> [ASSIGNED TASK] Below is a listing to repeat exactly, with its pictures left out.

> [DATASET EXTRACT]

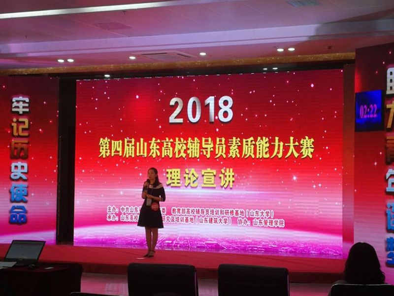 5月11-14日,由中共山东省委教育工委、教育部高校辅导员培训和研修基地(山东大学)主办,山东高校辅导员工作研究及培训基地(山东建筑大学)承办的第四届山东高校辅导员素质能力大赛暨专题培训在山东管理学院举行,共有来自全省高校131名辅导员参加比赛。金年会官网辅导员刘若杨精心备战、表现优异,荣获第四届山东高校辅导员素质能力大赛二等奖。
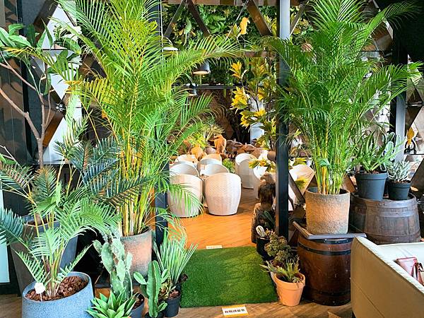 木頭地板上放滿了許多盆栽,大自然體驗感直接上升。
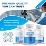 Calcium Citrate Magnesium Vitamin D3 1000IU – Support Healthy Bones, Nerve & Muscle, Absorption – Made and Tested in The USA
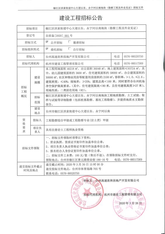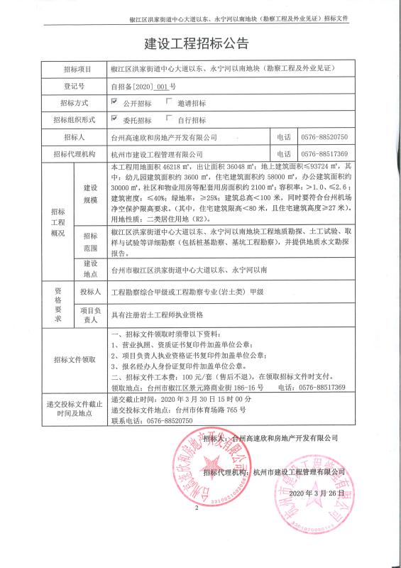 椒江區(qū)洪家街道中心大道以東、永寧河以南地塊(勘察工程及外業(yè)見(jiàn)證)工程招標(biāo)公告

> [ANSWER TO THE EXERCISE]
 5月11-14日,由中共山东省委教育工委、教育部高校辅导员培训和研修基地(山东大学)主办,山东高校辅导员工作研究及培训基地(山东建筑大学)承办的第四届山东高校辅导员素质能力大赛暨专题培训在山东管理学院举行,共有来自全省高校131名辅导员参加比赛。金年会官网辅导员刘若杨精心备战、表现优异,荣获第四届山东高校辅导员素质能力大赛二等奖。
 木頭地板上放滿了許多盆栽,大自然體驗感直接上升。
 Calcium Citrate Magnesium Vitamin D3 1000IU – Support Healthy Bones, Nerve & Muscle, Absorption – Made and Tested in The USA
 椒江區(qū)洪家街道中心大道以東、永寧河以南地塊(勘察工程及外業(yè)見(jiàn)證)工程招標(biāo)公告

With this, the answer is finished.